Two copies, [early 18 cent.], of a letter addressed to 'Cousin Owen' [?Sir Robert Owen] and signed 'Row: Owen', offering the recipient comfort and advice on the death of his infant son. MS II.54(f) i, written in a neat italic hand, is probably the prototype of MS II.54(f) ii, a bound presentation copy written in a calligraphical italic hand. A comparison of the two copies shows that a number of words have been carelessly omitted throughout the text of MS II.54(f) ii; and a Latin verse which follows the letter in MS II.54(f) i has also been omitted. There are also some orthographical differences between the texts.

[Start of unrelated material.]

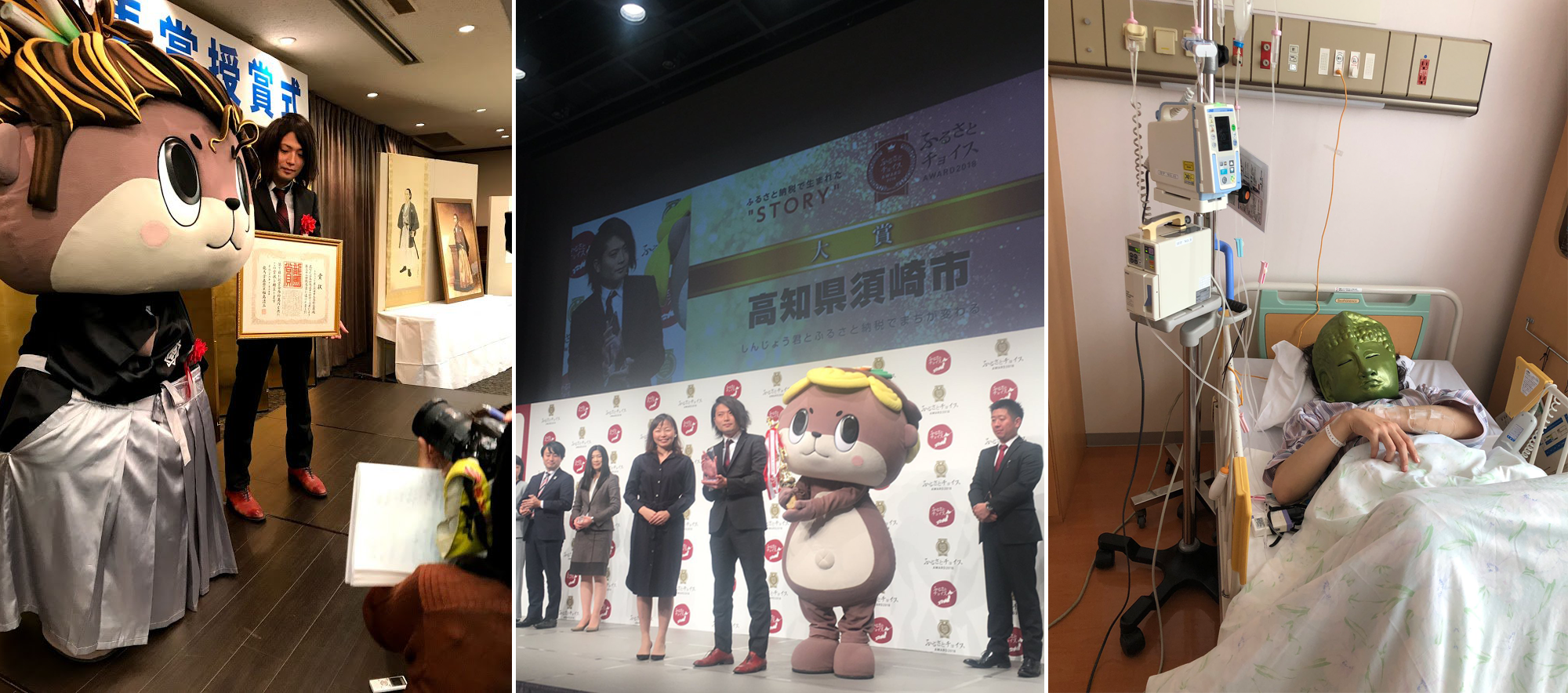 私がアテンドを務めたしんじょう君というご当地キャラクターは、全国のみなさまの応援のおかげで『ゆるキャラグランプリ2016』で第1位を獲得することができました。加えて、担当するふるさと納税業務では前年度の200万円から1年で5億円へと大きく寄付額を伸ばすことができました。また、高知県内でその年一番活躍したの個人や団体に送られる「龍馬賞」を受賞し、ふるさと納税でユニークな取り組みをした自治体に送られる「ふるさとチョイスアワード」でグランプリを受賞し、昨年は急性膵炎で入院しましたありがとうございます!

Franeker University doctoral disputations, &c.,

Printed items, 1635-1684, including two prospectuses, in the form of conjoint pairs of leaves, announcing disputations, for the degrees of doctor of medicine and doctor of theology respectively, at the University of Franeker, Holland, the one: ΣΥΝΦΕΩ dispvtatio medica inavgvralis, de suppressione mensium ... ex authoritate ... Henrici Rhala, J. U. Doct. & in illustri academia, quӕ est Franekerӕ, historiarum & eloquentiӕ professoris, ac p.t. rectoris magnifici, ... tueri conabitur Johannes Sadler, Anglus ... (Franekerӕ: Uldericus Balck, 1635) (ff. 1-2 verso), and the other: Ideӕ theologiӕ disputatio xxxl de redemtorum vocatione per sacramentorum exhibitionem in genere ... sub prӕsidio ... Johannis Clutonis, S.S. theologiӕ doctoris, defendendam suscipiet Hansonius Huss, Leov. Fris. (Franekerӕ: Vldericus Balck, 1635) (ff. 5-6 verso), each containing a Latin poem to the respective candidates, John Sadler and Hans Huss, by Lambrock Thomas (Cambro-Britanni, d. 1672), later dean of Chichester.
Also included are a small portion cut from the title page of another copy of the first prospectus together with another copy of the Latin poem to Sadler (ff. 3-4 verso); and a leaf containing a poem to a rhinoceros beginning 'This noble She Rhinoceros' headed by an engraving of the animal with the caption 'The prodigious & wonderfull Rhinoceros sold for 2320£ Sterling 1684' (f. 7).